’s Avonds werd ik wakker op de intensive care van het
Universitätsklinikum in Freiburg. Ik was er vanuit een streekziekenhuis naartoe
gebracht. De diagnose luidde: sleutelbeen gebroken, jukbeen gebroken, Felsenbein
gebroken, bloeding in flink gezwollen oog en middenoor, hersenschudding,
schedelbasisfractuur, epiduraal hematoom. Vooral dat laatste, de bloeding in
mijn hoofd, baarde zorgen. In de eerst volgende uren zou duidelijk worden of
operatie noodzakelijk was. Herhaaldelijk werd me verteld dat ik ‘viel, viel Glück’
had gehad. En in de overdrachten werd ik die ‘Rennradfahrer ohne Helm’ genoemd.

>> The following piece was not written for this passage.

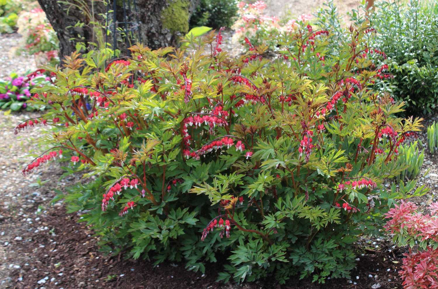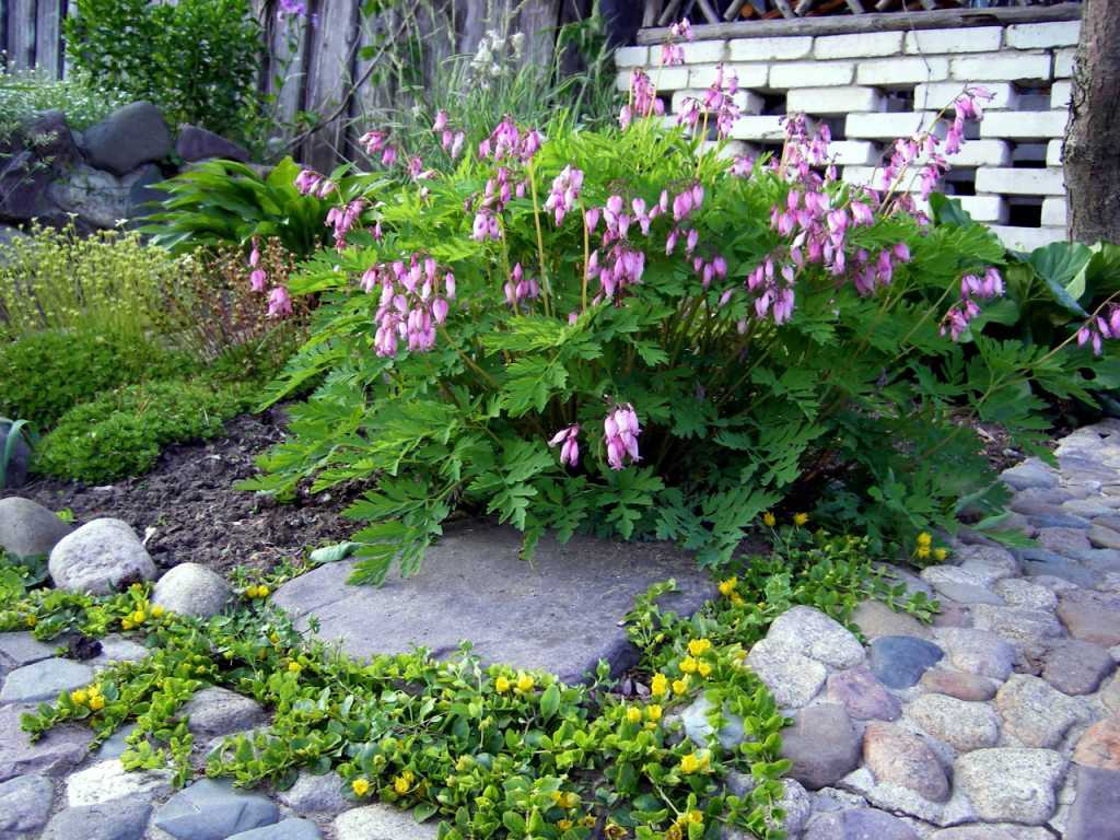 Низкие дицентры хорошо смотрятся в смешанных посадках — в цветниках, бордюрах, на горках

Het ergst vond ik dat ik mijn zonen en hun vrienden de schrik
van hun leven had bezorgd. Mijn jongste zoon was het eerst bij me na mijn val
over de glibberige fietspadrand, de oudste ging mee met de ambulance. Hun blik,
hun reactie toen zij bij mij mochten op de intensive care, zal ik nooit
vergeten. Henri, een andere heer, zou zich een dag later bij de groep voegen. Hij bracht Paula, mijn geliefde, mee. In haar armen was er
geen houden meer aan: de tranen bleven stromen
Na drie dagen ging ik over naar een afdeling chirurgie. Weer
zeven dagen en menig onderzoek later, werd ik stabiel genoeg bevonden om met de
ambulance vervoerd te worden. Terug thuis nu, wacht me een lang herstel met
bezoeken aan neuroloog, chirurg en KNO-arts.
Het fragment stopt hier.